Exercise instructions:
Pictures in the records below must be left out. Return exactly the lines from the line with "I suppose this" to the line with "His dramatic transformation", both included.

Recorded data
───

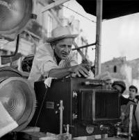 Estate 1958: a Carpino ho avuto il mio primo, vero incontro con il cinema nel suo farsi, ero lì per Jules Dassin che girava “La legge” ed io dovevo scrivere un libro per Cappelli editore, per la collana “Dal soggetto al film” diretta da Renzo Renzi. Dassin era la passione di tutti i miei coetanei per il realismo del suo “La città nuda” ma sopratutto per essere stato espulso come uno sputacchio dal cinema USA allora in fase di autolesionismo maccartista. Approdare a Carpino era una conquista: fino a Rodi Garganico ci si arrivava da Foggia con una ferrovia privata a scartamento ridotto, vagoni tarlati 1910, la locomotiva era a carbone. Poi ci si affidava a un’asmatica corriera, viaggiando insieme a polli, tacchini e mamme assediate da decine di bambini a piedi nudi. C’era un libro da scrivere, e va bene, ci tenevo perché a Renzi l’avevo proposto io, fotografare non era previsto dal contratto, figuriamoci chi poteva riuscire a trattenermi, lo facevo per me stessa, anche perché la Titanus che produceva il film mi inondava di fotografie di scena, ma io scattavo a testa mia, Dassin come eroe del cinema creativo, chiuso in una concentrazione solitaria, aperto alla comunicazione totale con Otello Martelli il direttore della fotografia, con Arturo Zavattini il suo assistente, con la masnada dei suoi attori Marcello Mastroianni, Melina Mercouri, Yves Montand, Paolo Stoppa, Pierre Brasseur, Gina Lollobrigida, e soprattutto con le comparse neorealisticamente arruolate sul campo e ipnotizzate come per sortilegio. Il momento grande che sempre ci si aspetta ma capita così di rado è stato al termine di una settimana di esterno notte, quando da Carpino tutti ci siamo precipitati a San Menaio dove era il nostro albergo, gli stanchi morti a letto, gli stanchi vivi Dassin e pochi altri di corsa siamo andati in riva al mare e poi dentro l’Adriatico che con buona pace di D’Annunzio non era “verde come i pascoli dei monti” ma per il sole radente dell’aurora di un azzurrino dolce e chiaro chiaro. Per fotografare, mi sono fermata con l’acqua fino a mezza gamba“.
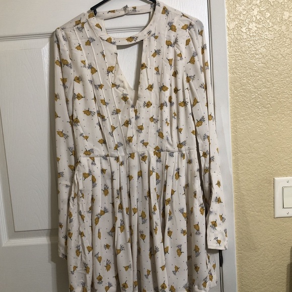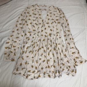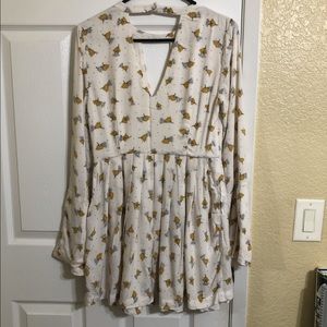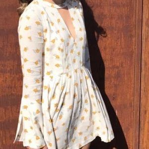 Free people dress worn once has pockets, zipper on the side with bell sleeves and deep v front with button in the back
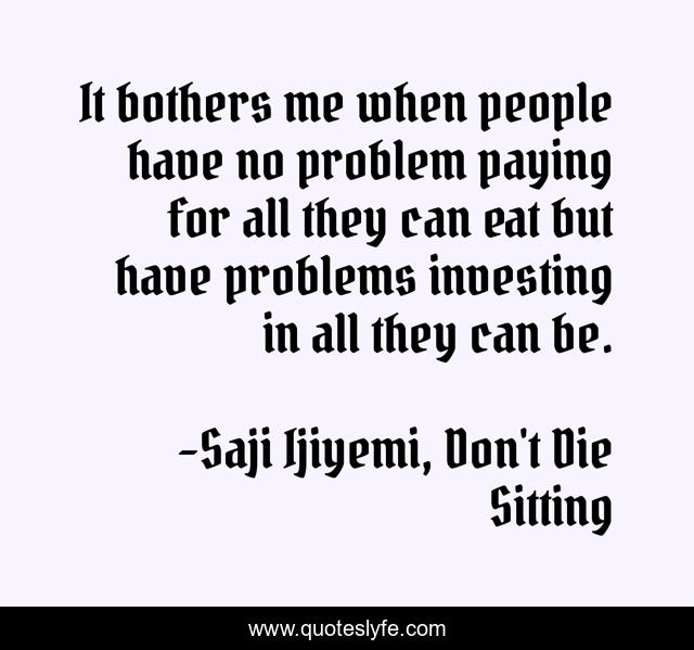 This page presents the quote "It bothers me when people have no problem paying for all they can eat but have problems investing in all they can be.". Author of this quote is Saji Ijiyemi, Don't Die Sitting. This quote is about success, personal-growth, life-improvement, self-improvement, learning, personal-development, investment,.
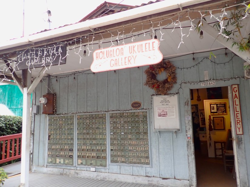 In Holualoa, we stopped at the lovely Dove Tail Gallery & Design (https://dovetailgallery.net/) which offers extraordinary woodworking and art.   Next door was the Holualoa Ukulele Shop, which formerly had been the US Post Office between 1937-1961.  It still displays its old post boxes.
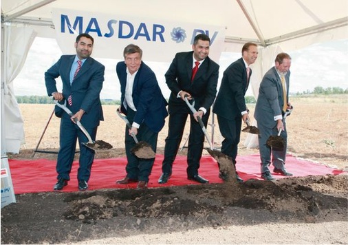 Selbst für den investitionsverwöhnten Solarstandort Thüringen sind die Pläne der Masdar PV GmbH etwas Besonderes. Im Mai 2008 gab das Unternehmen be-kannt, über eine Milliarde Euro in die Fertigung von modernen Dünnschicht-Solarmodulen investieren zu wollen. Und bereits Ende August rammte Sultan Al Jaber wenige Kilometer südlich der Landeshauptstadt Erfurt – in Sichtweite von Ersols im November eröffneter Waferfabrik – einen Spaten in die Erde und markierte so den Baubeginn der ersten Produktionsstätte. 150 Millionen Euro steckt Masdar in das deutsche Werk, das im dritten Quartal 2009 mit einer jährlichen Kapazität von 70 Megawatt die Produktion aufnehmen und 180 Arbeitsplätze in der Solarregion schaffen soll. Auf Anlagen von Applied Materials werden dann 5,7 Quadratmeter große PV-Module hergestellt.
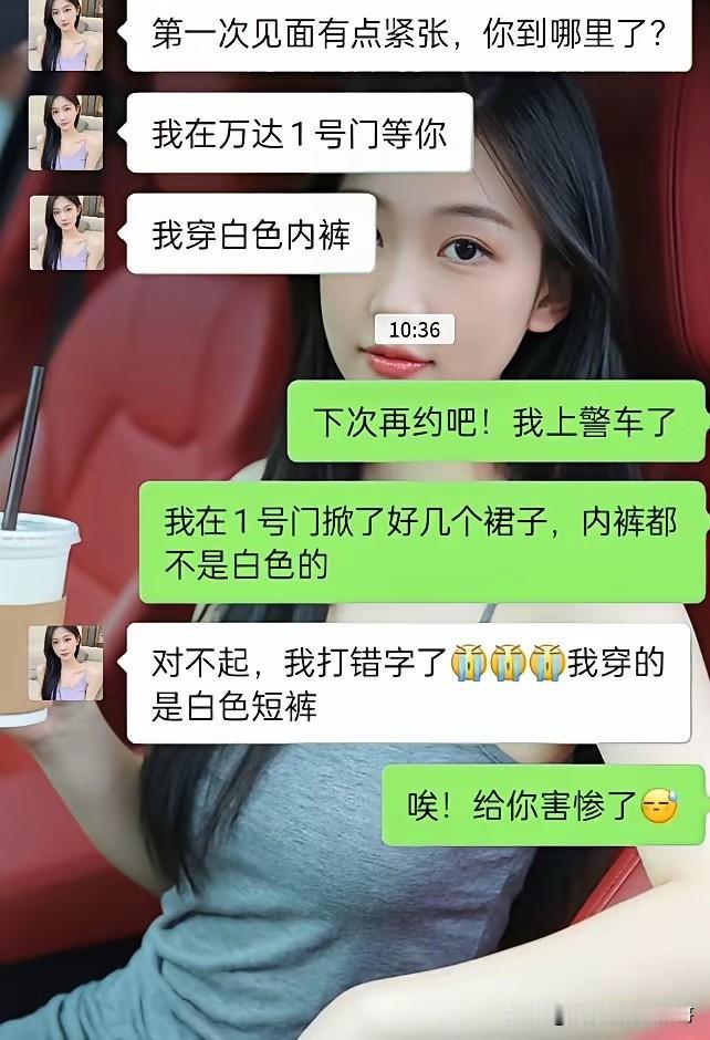 真的没有想到一字之差,就让别人坐上了警车,被警察带回了警局,罪名是猥亵罪,这个女生呢说她穿白色内裤,在万达广场1号门等他,她本来是想发她穿白色短裤,结果发成了白色内裤,结果这个男生呢又是死心眼,然后见一个裙子掀一个姑娘的裙子,你说是不是有点儿不正经,脑子有点毛病,所以说他掀了几个之后,就有人报警了,报警之后然后就带上了警车,当时这个女生联系一直等不上他,结果等联系上的时候已经坐上警车了,她说对不起,我发错了,他们也不知道打个电话,你说这是不是活该?脑袋缺一根筋?
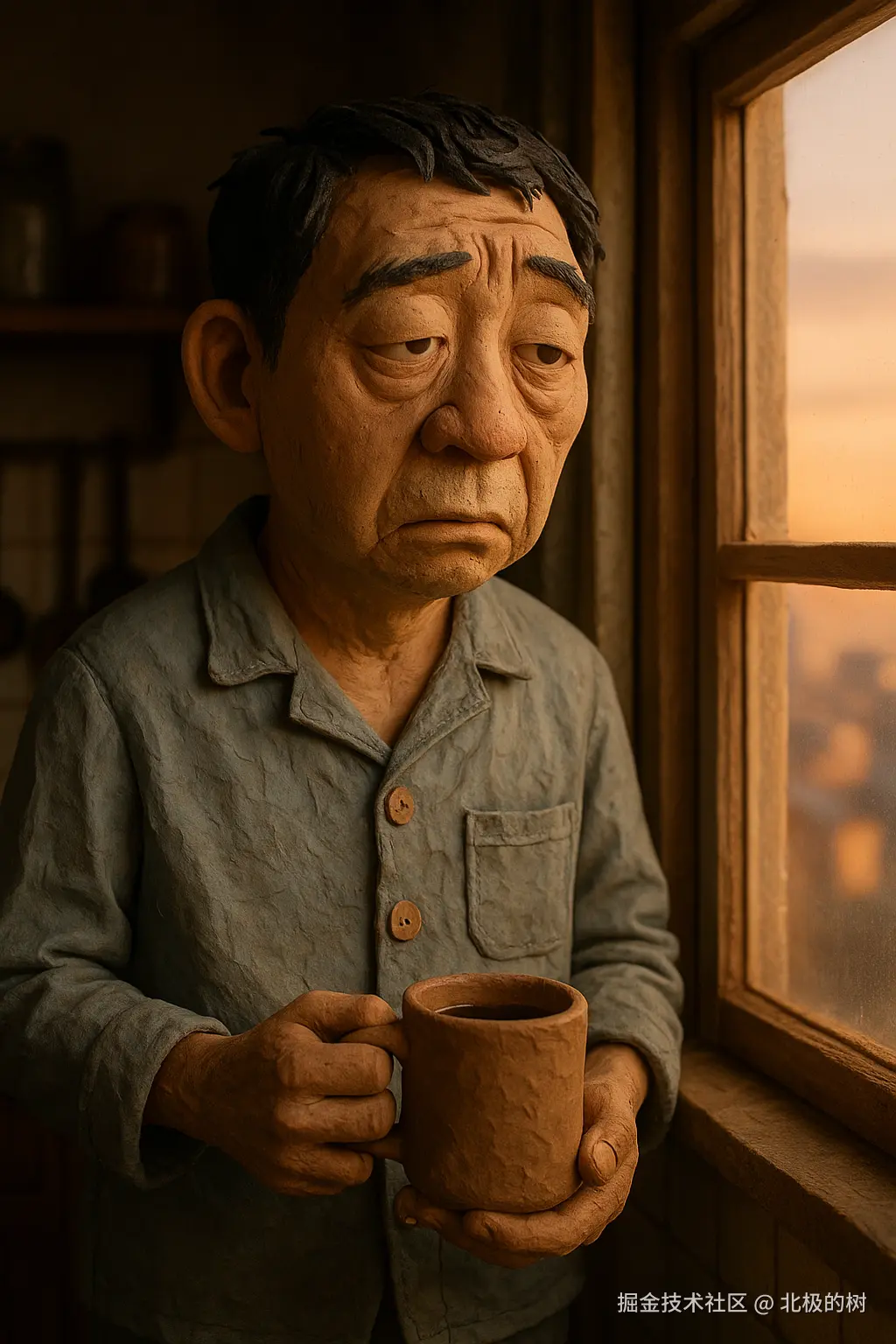 电影粘土动画场景:一位疲惫的中国中年男子,由精细的造型粘土制成,带有清晰可见的指纹和手工纹理,手持一个盛着咖啡的粘土杯,默默地站在窗边。他穿着一件褪色、布满褶皱的浅蓝色睡衣上衣,上面有几颗大小不一、造型粗糙的纽扣和一个前袋——其织物般的粘土纹理通过手工塑造的褶皱和磨损的边缘得到巧妙的强调。他的表情极度疲惫:半睁半闭的粘土眼睛黯淡无神,沉重的眼袋垂在眼眶下方,眉头紧锁,形成永久的愁容,嘴角因无声的顺从而下垂。他的目光凝视着窗外晨曦初露、泛着柔和橘色光晕的天际线,眼神略显呆滞,仿佛在远方寻找意义,或者仅仅是逃避眼前的单调。
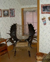 I suppose this other shot is a hotel, motel or guest-house room up north. The chair is made of moose antlers. If Alice in Wonderland had lived in Alaska, this is what her wing chair would have looked like.
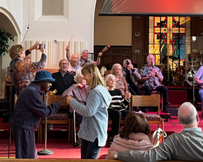 His dramatic transformation and through music and social support inspired Carol to share the rhythmic remedy with others who are suffering. Thus, the 5th Dementia intergenerational therapeutic music band was launched.
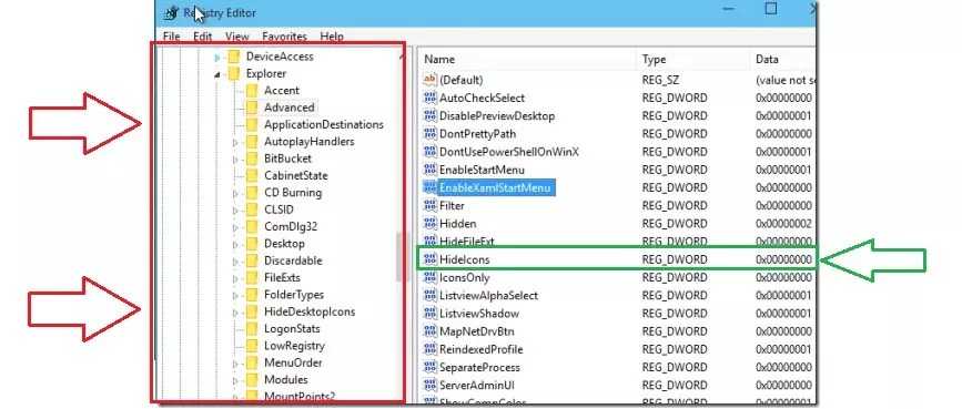 - Откройте раздел реестра HKEY_CURRENT_USER Software Microsoft Windows CurrentVersion Explorer Advanced
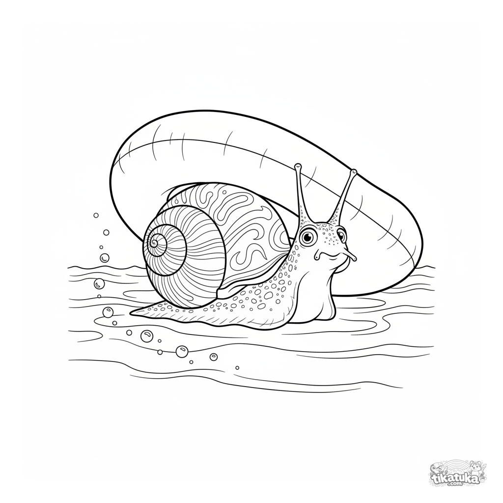 Página detallada para colorear para niños 10-12: un caracol con concha espiral asoma cautelosamente desde bajo el borde de un aro inflable en el fondo de la piscina.
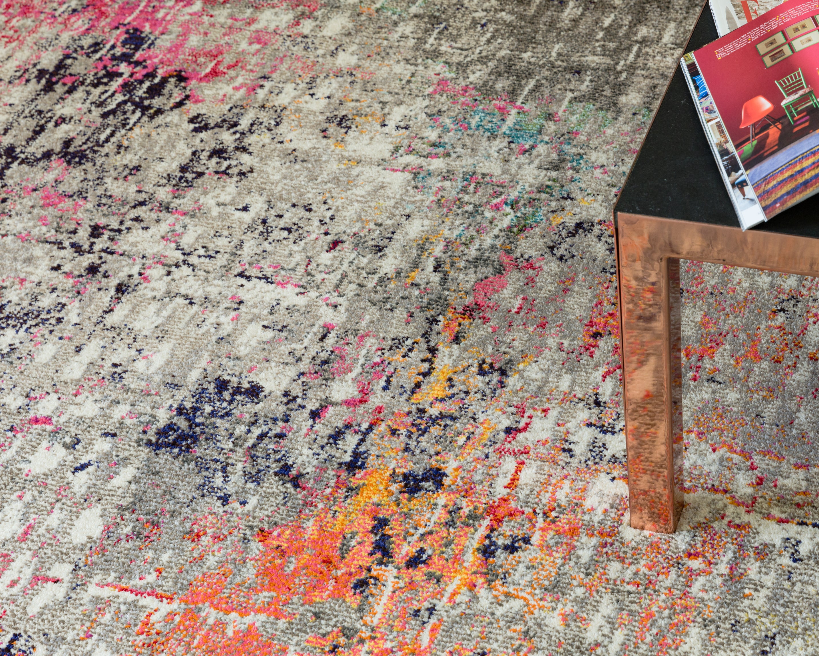 La alfombra Colores, hecha de polipropileno, resulta ideal para casi todos los entornos. Su composición de fibras sintéticas la hace versátil y muy fácil de mantener limpia. La estructura y variada paleta de colores complementan el diseño moderno.
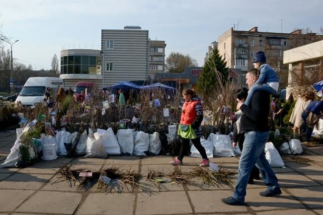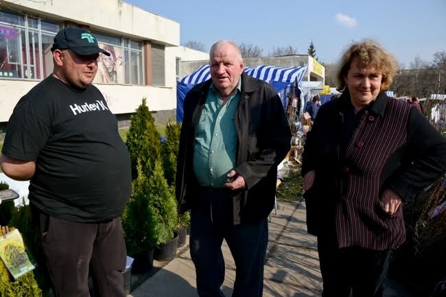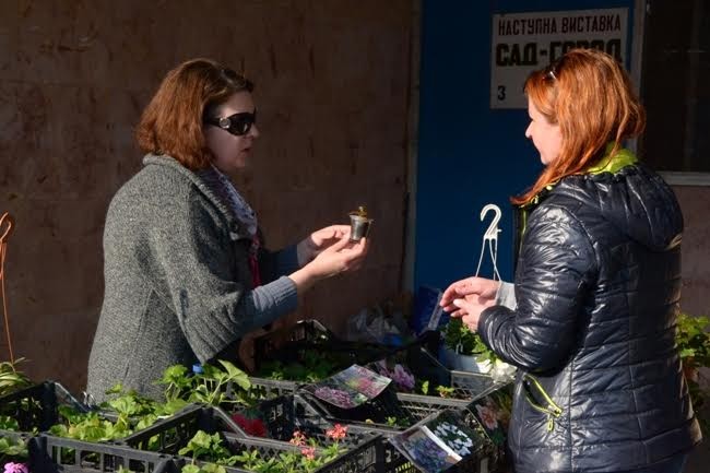 Рядом с Раду, цветущими кустарниками роз, пионов, сирени, а также плодово-ягодными кустарниками, торгует Анна. Она приехала из Киевской области и привезла продавать цветы и кусты, которые выращивают ее братья Рудые. Возле ее палатки тоже многолюдно. Особым спросом пользуются древовидные пионы белого, розового, малинового, красного цвета. Анна рассказала, что чем старше пионовый куст, тем больше на нем распускается цветков. Цветки бывают простые, махровые, и даже двухцветные. Цветут они до 3-х недель, куст стоит 100 гривен. Сирень стоит от 40 до 50 гривен, роза – 25-30, веточка малины -15, куст черной или красной смородины, крыжовника - от 20 до 30 гривен. Есть в продаже даже кусты голубики (60-70 грн.).

───

Reply to the task:
 I suppose this other shot is a hotel, motel or guest-house room up north. The chair is made of moose antlers. If Alice in Wonderland had lived in Alaska, this is what her wing chair would have looked like.
 His dramatic transformation and through music and social support inspired Carol to share the rhythmic remedy with others who are suffering. Thus, the 5th Dementia intergenerational therapeutic music band was launched.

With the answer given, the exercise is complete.